Browns can end all the jokes with a big-name head coach
By Craig Lyndall
As usual the jokes about the Cleveland Browns write themselves. The punchlines aren’t particularly funny – at least to most Browns fans – but they are being written throughout the league right now since Jimmy Haslam named Sashi Brown as having the last word on the team’s 53-man roster.
There are a million variations on “So let me get this straight. The Browns named a lawyer to be the head of their roster?” floating ’round Twitter right now. That sentiment is not unfounded, mind you, but it’s far too early to look at what the Browns have done and call it an abject failure. First, you need to at least try to understand what it is they’re attempting as it seems they’re positioning themselves to attract a big name coach — think Kelly, Gruden, Payton. Whether or not they can land one, however, remains to be seen, but given the current structure, it appears that is the aim.

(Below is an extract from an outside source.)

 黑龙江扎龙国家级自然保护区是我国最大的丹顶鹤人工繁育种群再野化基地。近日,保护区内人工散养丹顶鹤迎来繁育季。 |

The naming of Sashi Brown feels like what the 49ers had going with Paraag Marathe. Marathe now finds himself on the outside looking in, but there was a time when he was one of the most exciting names in professional sports. He was at the Sloan MIT conference a few years back – the same one where I saw Alec Scheiner speak – and he looked like a wizard in terms of collecting assets and helping design a roster that was poised to compete for a decade. Of course, everything went south, including the departure of Jim Harbaugh, the retirement of younger, talented players, and the implosion of Colin Kaepernick. Despite how it ended, there’s little doubt that Marathe had some good fundamentals in terms of strategy in positioning the organization for the present and future. While the ending in San Francisco doesn’t give anyone hope for what the Browns are trying to do because the Niners were one of the Browns’ three wins in 2015, I don’t think it’s doomed based on structure alone.

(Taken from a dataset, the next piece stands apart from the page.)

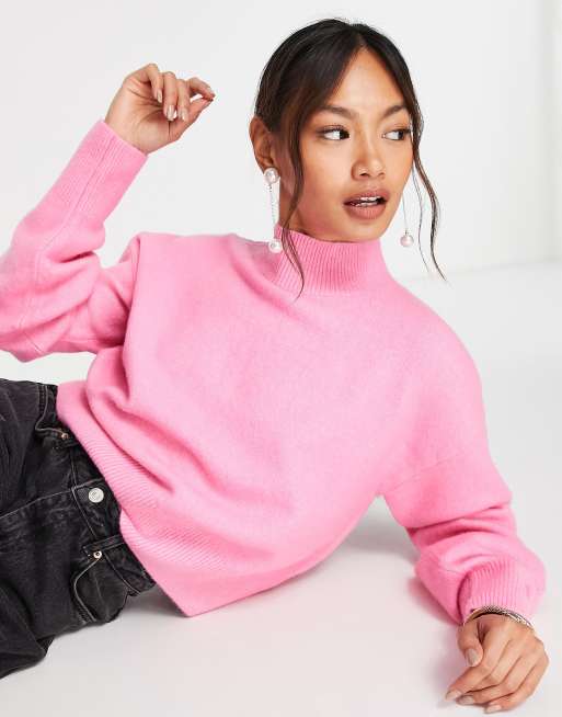 & Other Stories wool mock neck jumper in hot pink - PINK

The appointment of Sashi Brown to Executive Vice President seems like it’s purposely creating a vacuum for a personnel-minded head coach. This idea that Brown is going to do what Ray Farmer was doing in terms of organizing the scouting or even providing intel on player abilities seems incorrect. I can’t co-sign for what the Browns are doing, especially in terms of timing and announcing that Sashi Brown would control the 53-man roster, but I think I understand what they’re going for. Brown is supposed to be the adult and expert in the room making sure that the team is thinking strategically in both the short and longer terms. He’s supposed to keep the football people in check in terms of the cap, draft, wants, needs, and financial and contractual realities, while taking on the big-picture realities that come with being a perpetual laughingstock amongst peers and home and opposing fans. Sashi Brown is supposed to keep the team trying to compete now without allowing someone to trade the universe for RG3 or Carson Palmer.
While it marginalizes the GM position, it leaves room for a coach who wants to have a strong hand in deciding that he likes corners who are over six-feet tall, like Pete Carroll for example. It leaves room for a coach that knows he can plug any running back in, but desperately needs an athletic pass-catching tight-end. These are just examples, but that old cliché about the chef getting to pick the groceries feels like it’s in play for the next Cleveland Browns head coach. No longer will a head coach be forced to utilize an uninspired Dwayne Bowe or an out-of-position Johnson Bademosi. If Haslam and Brown’s plan works as intended, then no more square pegs will be given to a coach with only round holes in his game plan.
But who are these types of coaches? Bill Belichick is one. Pete Carroll is another. I would consider Andy Reid of that mold. Chip Kelly is too, though. Of the available candidates for the vacant Browns head coaching position, I don’t know if this points to Jon Gruden (who probably won’t leave ESPN). I don’t know if it points to Sean Payton (who could be available, but might or might not want to take this bait). I don’t know if it points to one of the more established college coaches that constantly attempt to remove their names from consideration like Nick Saban. I just feel that it’s aimed at a big-time candidate, and I think that’s how the success of the structure should and will be judged.
And that’s my conclusion for now: I don’t have a conclusion. I get the punchlines and why they are being written, but I think the story is about a quarter of the way over. In order to figure out if there’s a punchline in the end — some retread, last-ditch candidate after everyone of note forcibly removes their name from consideration — we need to see who the Browns get to be their next head coach. That seems to be what the Browns are aiming for with all their moves. That alone isn’t an unwise place to position your team. We’ll see what kind of target they hit when they complete the process.